Kommerziell gesehen hat die PEGylierung ebenfalls Vorteile. So können neben der Entwicklung patientenfreundlicherer [[Darreichungsform]]en und Dosierungen auch die Patentlaufzeiten älterer Wirkstoffpatente durch neue Patente verlängert werden.
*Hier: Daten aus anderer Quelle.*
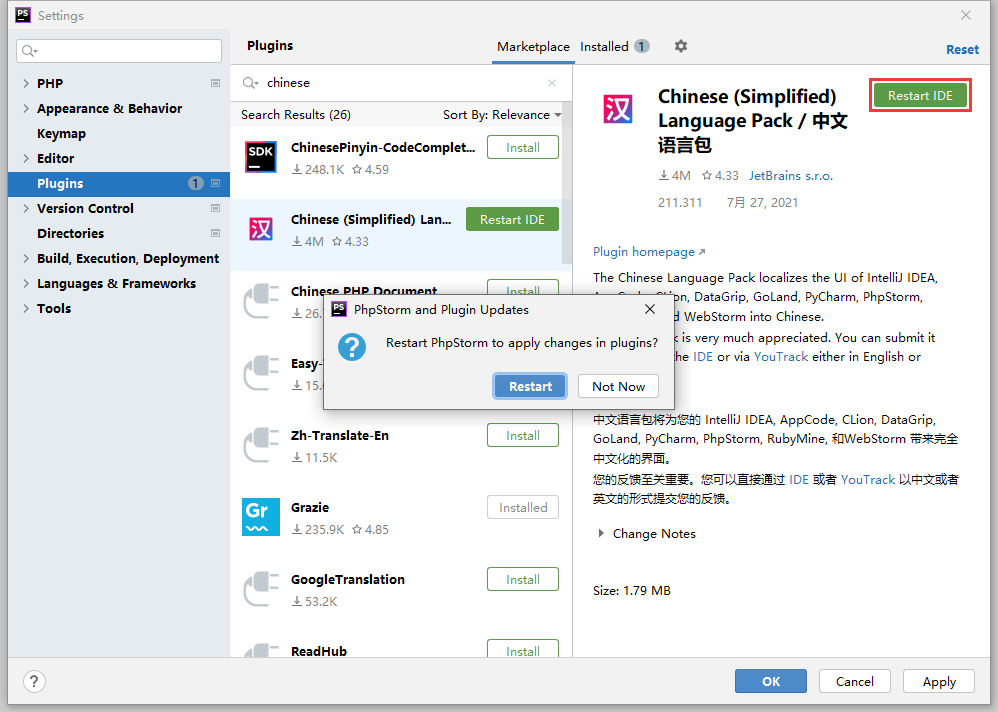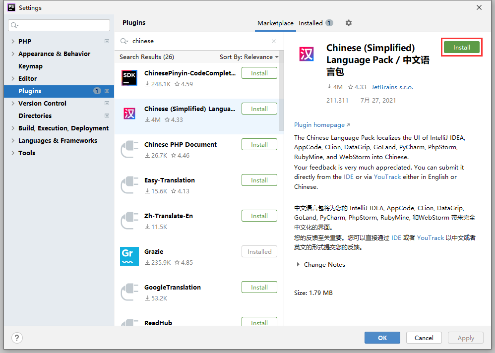 2、File -> Settings -> Plugins -> Marketplace。搜索:chinese。选择并 Install:Chinese (Simplified) Language Pack / 中文语言包 。中文语言包将为您的 IntelliJ IDEA, AppCode, CLion, DataGrip, GoLand, PyCharm, PhpStorm, RubyMine, 和WebStorm 带来完全中文化的界面。如图2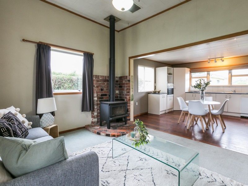 Open plan kitchen / lounge with efficient woodfire, and a new heatpump being installed shortly.

== PEGylierte Pharmazeutika ==
Der klinische Nutzen der PEGylierung ist allgemein anerkannt. ''Adagen'', eine PEGylierte [[Hausrind|bovine]] [[Adenosin-Deaminase]] (ADAR = Adenosine Deaminase Acting on RNA), hergestellt von Enzon Pharmaceuticals Inc. (USA), war das erste PEGylierte Protein, welches im März 1990 von der [[Food and Drug Administration|FDA]] zugelassen wurde. Seit der Einführung von ''Adagen'' hat eine Anzahl PEGylierter Proteine und Peptide die Zulassung erhalten und eine Vielzahl befindet sich in klinischen Studien oder im Entwicklungsstadium.
Einige ausgewählte Beispiele:
* [[Peginterferon α]]-2a: PEGyliertes α-Interferon zur Behandlung der chronischen [[Hepatitis B]] und [[Hepatitis C]] ([[Hoffmann-La Roche]]).<ref>{{Webarchiv |url=http://www.roche.com/pages/facetten/10/pegasys.htm |wayback=20081204082443 |text=Pegasys von Roche, ein pegyliertes Interferon}}</ref>
* Peginterferon α-2b: PEGyliertes α-Interferon zur Behandlung der chronischen Hepatitis C ([[Schering-Plough]] / Enzon).
* Pegaspargase: PEGylierte L-[[Asparaginase]] zur Behandlung der [[Akute lymphatische Leukämie|akuten lymphatischen Leukämie]] für Patienten, die eine [[Allergie|Überempfindlichkeit]] gegenüber der unmodifizierten L-Asparaginase aufweisen (Enzon).
* [[Pegfilgrastim]]: Rekombinanter PEGylierter humaner ''Granulocyte-Colony Stimulating Factor'' [[G-CSF]], zur Behandlung von [[Neutropenie]] nach einer [[Chemotherapie]] gegen [[Krebs (Medizin)|Krebs]] ([[Amgen]]).
* ''Doxil'': ein PEGyliertes [[Liposom]], welches [[Doxorubicin]] enthält und für die [[Chemotherapie]] von [[Krebs (Medizin)|Krebs]] eingesetzt wird (Sequus).
* [[Erythropoetin#Modifikationen des EPO-Moleküls|CERA]] (''Continuous Erythropoiesis Receptor Activator''): ein PEGyliertes [[Erythropoetin]] („EPO“). Seit 2007 zugelassenes EPO-Präparat (''Mircera'', [[Hoffmann-La Roche]]).
* [[Pegaptanib]] (PEGylated aptamer inhibitor): ein PEGyliertes anti-[[VEGF]]-[[Aptamer]] zur Behandlung der [[Makuladegeneration|feuchten altersabhängigen Makula-Degeneration]] (AMD).

== Die PEGylierung ==
Der erste Schritt zur PEGylierung ist die Funktionalisierung des Polyethylengylcol-[[Molekül]]s an beiden Enden.
Polyethylenglycole, die an beiden Molekülenden mit der gleichen funktionellen Gruppe aktiviert sind, heißen „homobifunktional“. Bei der Funktionalisierung mit unterschiedlichen funktionellen Gruppen spricht man von „heterobifunktional“ oder „heterofunktional“. Die funktionellen Gruppen sind so aktiviert, dass sie das PEG an das gewünschte Zielmolekül chemisch binden.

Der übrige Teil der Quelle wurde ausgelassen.